Share your dilemmas and get honest opinions from other Mumsnetters.

To think thank you cards for every baby gift a bit much?

291 replies

likeacrow · 21/02/2017 08:28

I might be. Or lazy. But we've had loads of little token gifts already and baby clothes, which is so lovely and generous but do we then do a thank you card for everybody? We've done them for our respective parents who've bought big items for us but do we include every colleague who has, for instance, given a cute jumper reduced in the sale or a pair of booties on offer?
I've never expected a thank you card when I've given little token presents like baby clothes to friends and I'm not just saying that to justify me not doing it! I've just always found a verbal thank you sufficient
Especially from sleep deprived new parents.
One of my best friends however thinks I should do personalised thank you cards for everyone who's given anything. She doesn't have kids. She's made it very clear she wants a card with a photo of the baby (when born) to say thank you for the outfit she bought us plus personalised message.

We've not even had (our first) baby yet btw!
Genuinely interested in opinions and approaches here as personally I think thank you cards for every last token gift is a bit much.

OP posts:
StealthPolarBear · 21/02/2017 08:56

I'm a big believer in thank you cards but I would never expect one ftom new parents. Especially if there has been a verbal thank you

pluck · 21/02/2017 08:57

Thank you letters are less expensive and less extra work than personalised baby-picture cards (or endless prints of baby, going back yor more when an unexpected present comes in). Best of all, no-one can be rude enough to sniff at getting "only" a hand-written letter! Wink

offblackeggshell · 21/02/2017 08:59

I am happy to receive a verbal thank you, or a text. That would be my preferred reaction tbh. What really, really pisses me off is when you send gift to someone you don't phone or exchange texts with, and they don't even acknowledge the (often expensive, always carefully considered) gift.
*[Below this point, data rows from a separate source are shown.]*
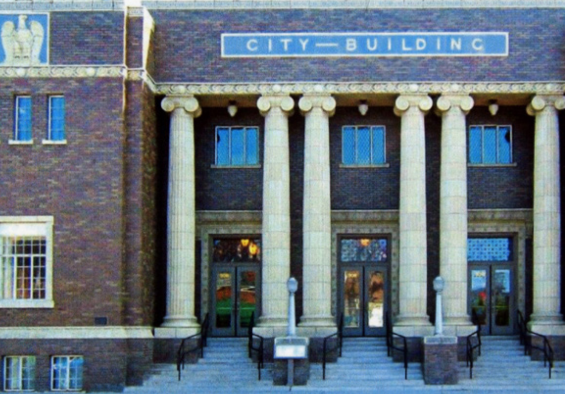
Idaho Falls City Building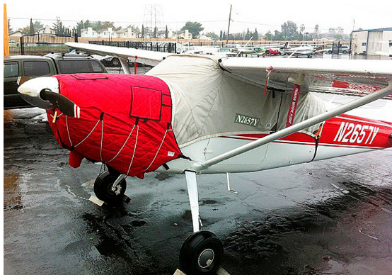
Cessna 180 Insulated Engine Cover

This cover type is made from Silver Acrylic Sunbrella canvas and is 100% lined with a soft and smooth microfiber. Bruce's Custom Covers developed this material combination especially for aircraft protection. The outer material is medium weight and treated for water resistance, UV resistance and anti-static buildup. The inner lining is a very soft and smooth microfiber to prevent scratching. The material is very reflective, and tests show that the cabin interior temperature can be reduced to near-ambient temperature on the hottest of days. It is water, ice and snow repellent, yet breathable to allow moisture to escape from between the cover and the aircraft surface.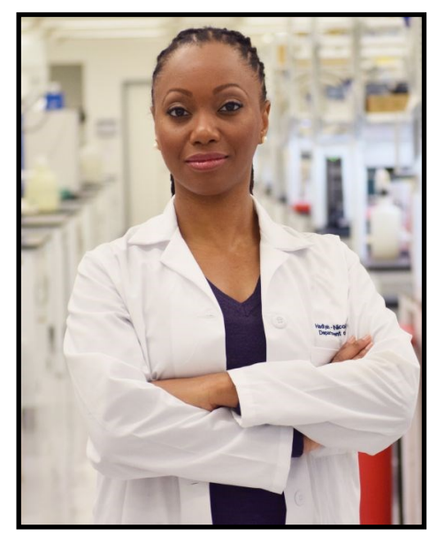
Dr. Hadiyah-Nicole Green leads research that explores lasers in cancer treatment.

GMaP Region 2 looks forward to continuing to highlight the accom-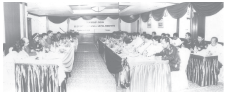
The 11th State-level Myanmar-India Civil Authorities Meeting in progress at Traders Hotel.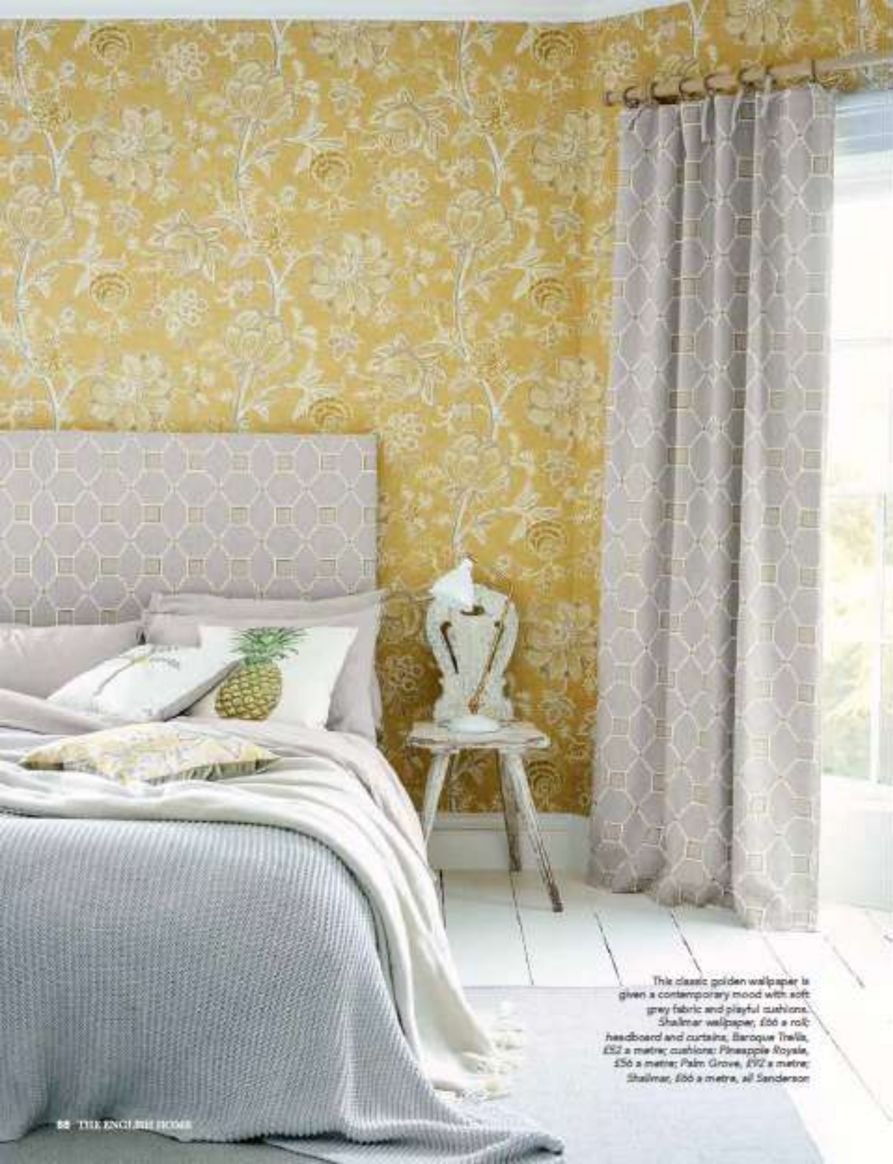
The classic golden wallpaper is given a contemporary mood with soft grey fabric and playful cushions. Shalimar wallpaper, £66 a roll; headboard and curtains, Baroque Trellis, £52 a metre; cushions: Pineapple Royale, £56 a metre; Palm Grove, £92 a metre; Shalimar, £66 a metre, all Sanderson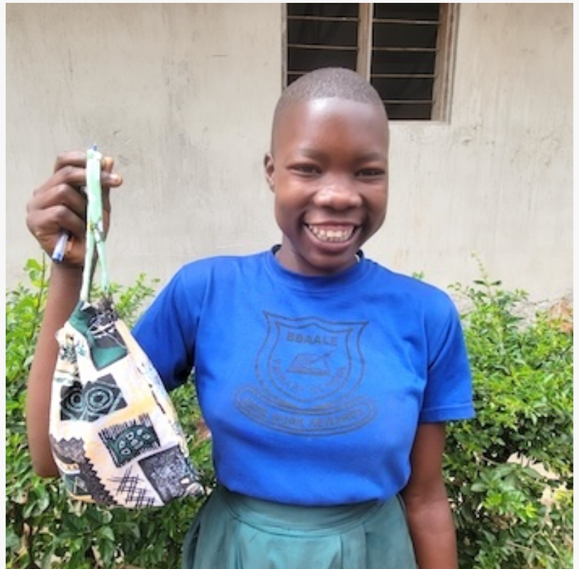
Ugandan Save a Girl kit

TGUP's Save a Girl ™ (SaG) kit is a set of washable, reusable sanitary pads that TGUP makes and donates to adolescent girls in nine developing world countries. The kits cost $7 to make and are given free of charge to recipient girls.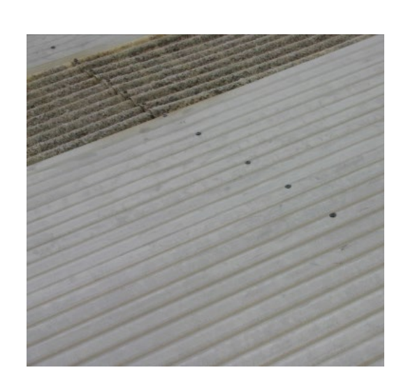
ROOF IS DULL, DIRTY & FADED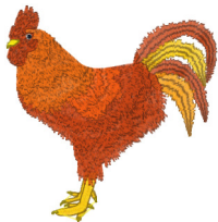
Country Chicken 1.vip

3.74x3.85 inches; 9,409 stitches 11 thread changes; 8 colors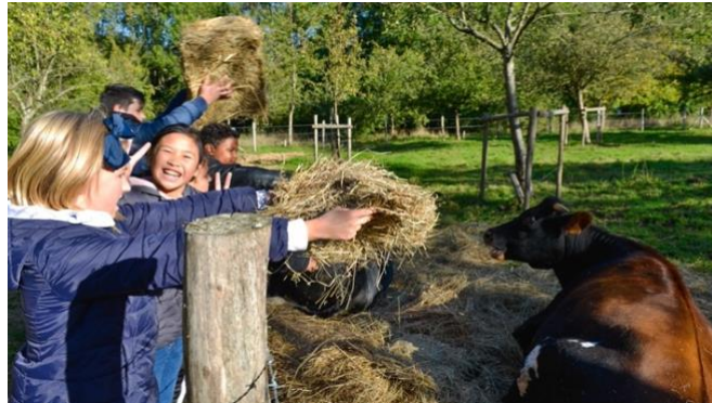
Photo credits: Left: Whole area of the museum, Photo: Mario Prevolnik © Graz Museum Schlossberg / Right: Heritage in action. Participation local schools Photo: Tine De Wilde ©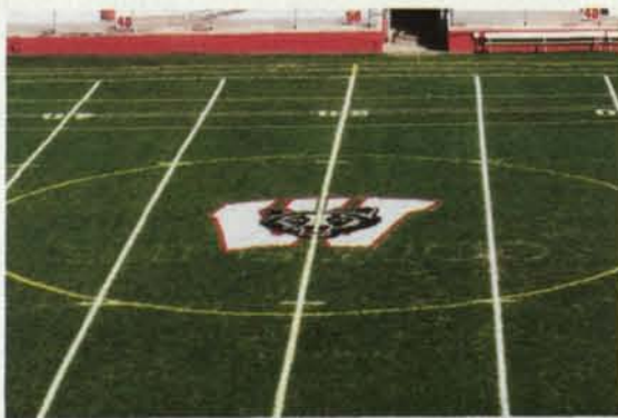
No longer can field-marking paints be considered a paint companies' scrap or reworked material.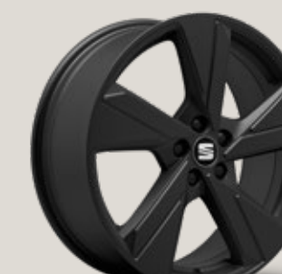
SPORT 18" BLACK ALLOY WHEELS St XC FR

Reference R Style St Xcellence XC FR FR Serial Optional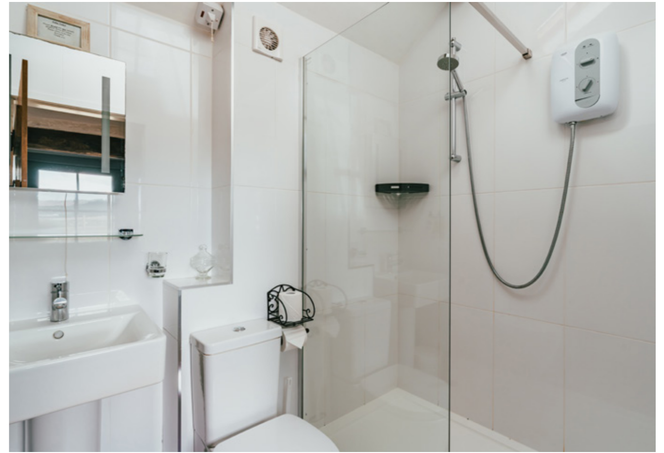
SHOWER ROOM - KEEPERS COTTAGE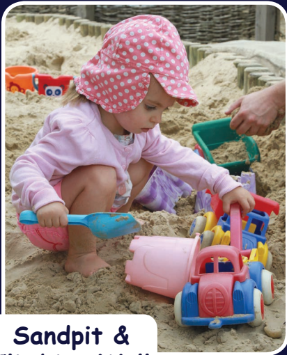
Sandpit & Climbing Wall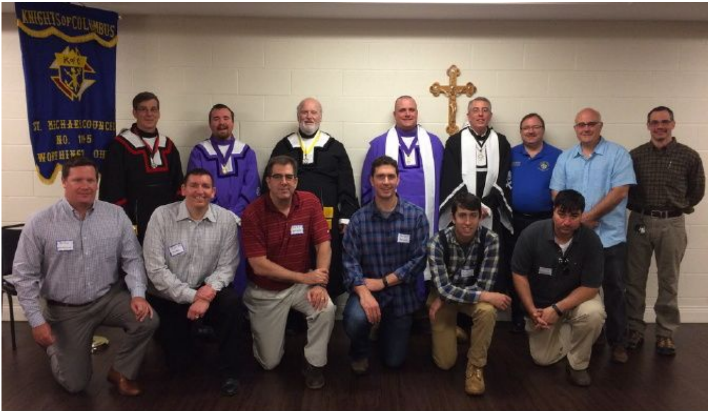
New members of KofC11445 (front row) Inducted at St. Michael First Degree Ceremony on April 17 (see names on Membership page – p. 9)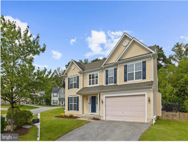
Sale 1 Photo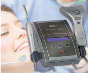
Dental Whitening and laser therapy

Systems for data collection on the job and machines, access and security controls, measuring and controlling, heating and air-conditioning units, medical, wellness, point-of-sale devices, etc.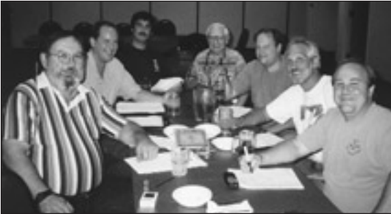
BOARD MEMBERS AT THE SEPTEMBER 2001 MEETING (HARD AT WORK) OH YEAH!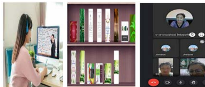
Figure 3 Innovation in learning Thai traditional medicine based on a new way of life

In the 21st century that has developed people to be more quality than producing people as economic raw materials, it can be said that society must see the meaning of the new way of life in a broader picture as a tool for restructuring the economy and society to create quality and well-being people that balance social change. able to solve social problems will lead to reduction of inequality, making the new way of life base more than education and in accordance with the learning of midwifery based on a new way of life, which is different from that in many Thai traditional medicine textbooks [9] which has been rewritten according to the knowledge of modern people and is used today as shown in Figure 3.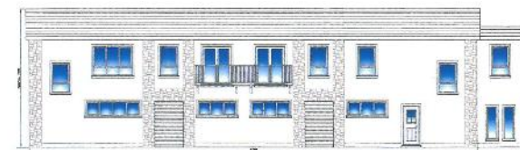
Proposed Northeast Elevation

The full plans are available on our website.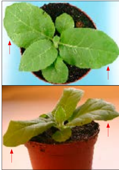
Plant 2. Usable but relatively small leaves.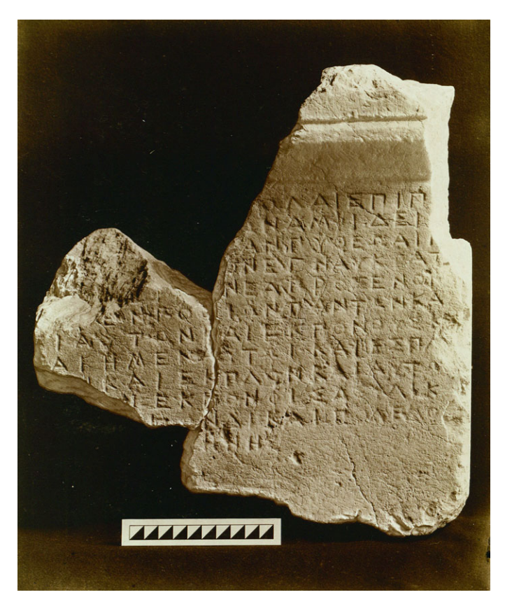
Fig. 4 Proxeny decree of all the Rhodians, Blinkenberg (1941) no. 16.

With these two proxeny decrees, and the few other fragmentary honorific documents, Rhodes shows the highest concentration of honorific decrees in any allied community by some way. This in itself is worthy of comment. But it is even more notable when we consider the productive distinctive and epigraphic culture Hellenistic Rhodes. Strangely, although this kind of document would become widespread in the Greek world more generally, there are no inscribed proxeny decrees from Rhodes dated after these fifth-century examples, even though other categories of evidence show that Rhodes participated in proxeny networks in the late Classical and Hellenistic periods.98 In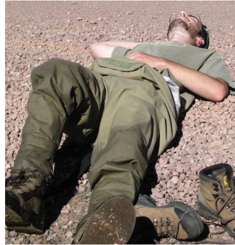
Intern after lugging heavy batteries around all day

Lugging heavy electrofisher batteries through the wilds of Arizona has always been a personal favorite of mine. A typical field day sampling a stream with backpack units would see us take three of the 12 amp-hour batteries with us for a day's work, meaning we had 44 ¼ pounds of lead and acid with us. Other common limitations of these low tech batteries was their limited lifespan (two to three years of field use), need for maintenance charging cycles, and the inability to quickly determine the charge status of a spare battery. Electrofisher manufacturers have certainly responded to these complaints by offering new lithium-ion battery technology, but at approximately three times the cost and only 80% of the battery capacity of our beloved lead-acids.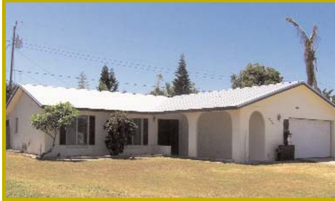
Beachside Walk to the beach from this 2BR/2BA/2-car garage CBS home. Privacy fenced yard. $125,000. UNDER CONTRACT!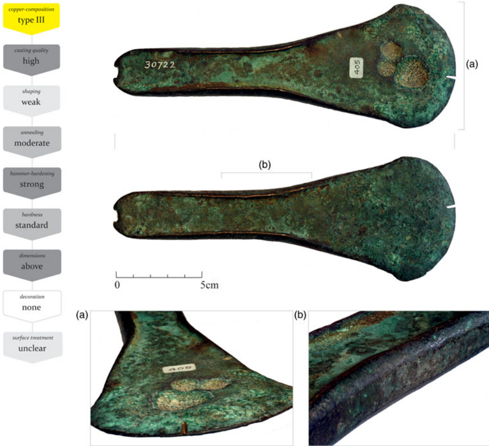
Figure 5. Left: Chaîne opératoire of axe 153. Right: Axe 153, a type Gretchen variant D from Glattfelden in Switzerland, from the banks of the Rhine (Abels, 1972: 82, no. 584). Overall, a very crude axe with major casting errors, roughly worked flanges, and a blunt blade.

that hardens well. Axe 153 is a good example of the difficult relationship between quality and skill, a relationship that is subject to the purpose of the object (Kuijpers, 2015a), and the constant tension between correctness and functionality (Sennet, 2009: 45).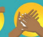
RUB HANDS TOGETHER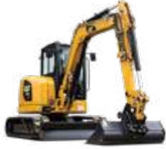
> excavators 1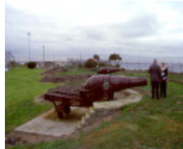
1 fort gellibrand point gellibrand williamstown gun emplacements pm2 july1999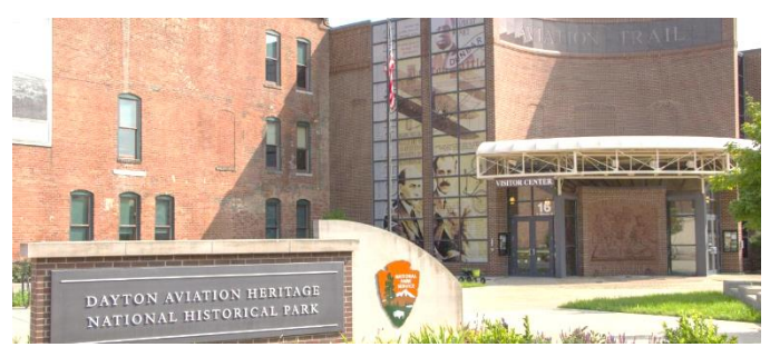
Dayton Aviation Heritage Park, Wright Brothers Interpretive Center. Tour this small museum depicting the life of Wilbur and Orville Wright and the early days of flight.

The reunion dates are Sept. 29 thru Oct. 3, 2021. The Crowne Plaza is easy access off I-70 and airlines into Dayton International Airport include Allegiant, American, Delta and United. There are several nonstop flights out of major hubs. Our hotel offers a free shuttle to and from the airport. Rental car companies at the airport are Alamo, Avis, Budget and Enterprise. We have scheduled two tours on Thursday.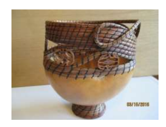
Vickie Hartman – "Step It Up With Black Walnuts"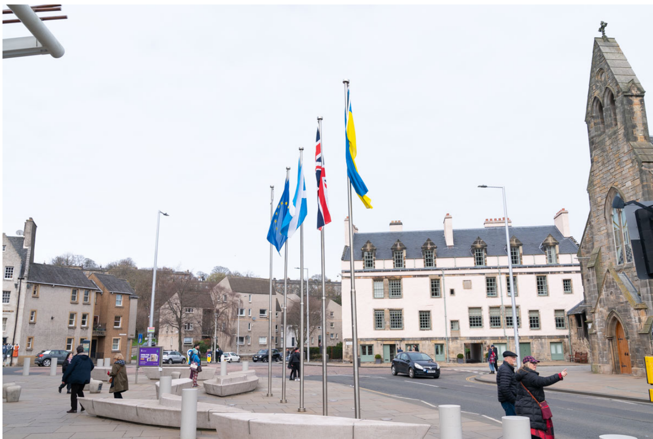
The Scottish Parliament.

“Our committee will therefore investigate whether a more coherent and strategic approach is needed for the creation of such commissioners in Scotland.”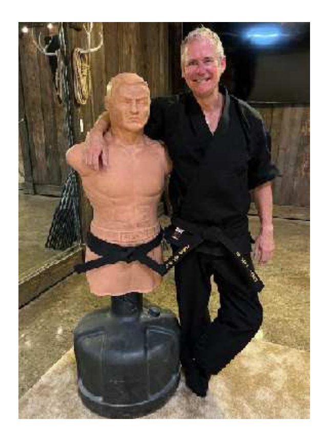
Shared happiness for a job well done!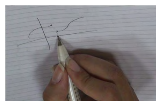
Figure 1. Sandra's example for discontinuity

Similarly, Daniel was confused about limit and continuity. But Sandra wrote an example, drawing a graph from memory, explaining the relationship between continuity and limit. When Daniel said "How does this happen, when it has a limit but is not continuous?", Sandra drew a graph of the function (with jump discontinuity given in Figure 1) to explain.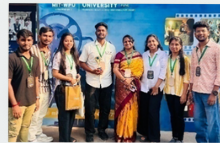
International Conference – PUNE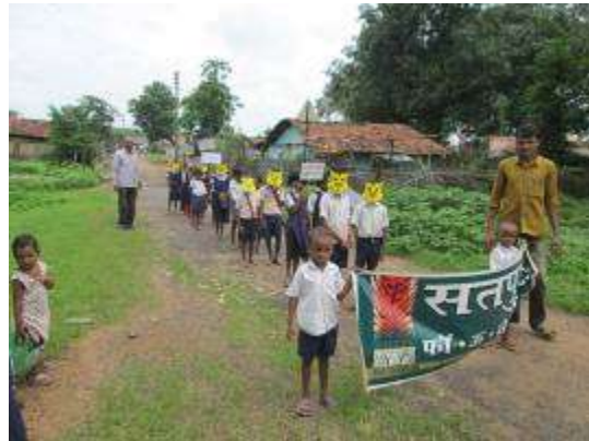
Kondegaon - Children rally in support of the tiger on World Tiger Day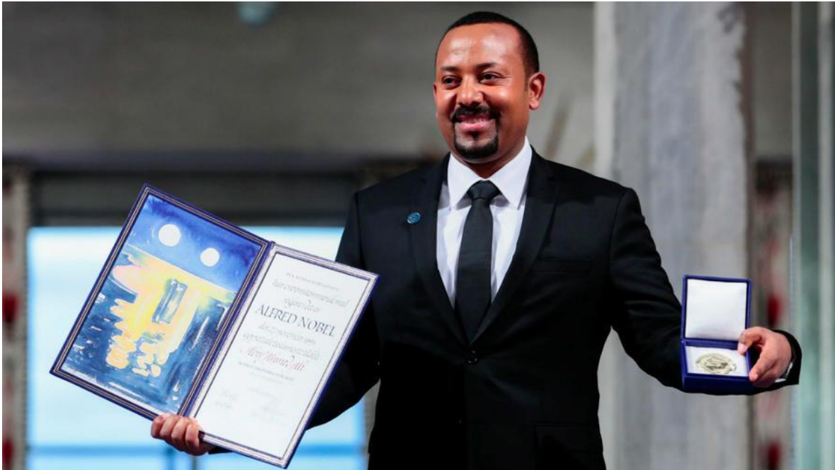
Abiy Ahmed receiving the Nobel Prize.

Two weeks after the conflict began in the Tigray region, in northern Ethiopia, (See: Ethiopia: From an ethnic war to a regional conflict), Prime Minister Abiy Ahmed, gave the rebels, on Sunday 22, a period of 72 hours to surrender. Warning, that the federal forces are already "in the third and final phase" of their military operation in the separatist region. That since the beginning of the month different areas, including its capital, Mekelle and surroundings or woreda, which add up to a population of nearly half a million inhabitants, have received air attacks, without even an approximate number of casualties being known, although it is estimated it easily exceeds a thousand, given the strict information control established by the commanders of the Ethiopian army that operates in the region, added to the cut off of all communication services, particularly cell phones and the Internet. Although if it is estimated more accurately that between 40 and 50 thousand citizens of Tigríños have managed to take

DH is "really close" to his cousins, so we have always sent nice gifts. One branch of the family in particular never even pass a message back via granny/auntie that they have received it. Taking weeks or month to get round to it is always understandable though. And completely forgivable if the thank you comes with a photo of the DC (not necessarily wearing any clothing you may have given them!).

As an aside, I remember being given loads of hideous frilly dresses when DD was born. We put her in them, photographed them, sent a thank you with the photo, and donated the frills to the (really brilliant and popular) children and baby charity shop.

elQuintoConyo · 21/02/2017 08:59

I photocopied a b/w pic of ds asleep (an unbelievably cute pic!) and glued it to a bit of card. Quick thanks, sign, DH posted them as I was stuck to the sofa.

We do something similar for birthdays/Christmas: cardstock, stamping kit, big X from DS. Takes 20 minutes.

Cathster · 21/02/2017 09:00

I agree ijustwannadance.

I would not be bothered if I did not get a thank you card for a baby gift, in fact I don't think I've ever received one. Verbal thanks if given in person or over text is fine in my book. Obviously a written card is a bonus but I would never expect one.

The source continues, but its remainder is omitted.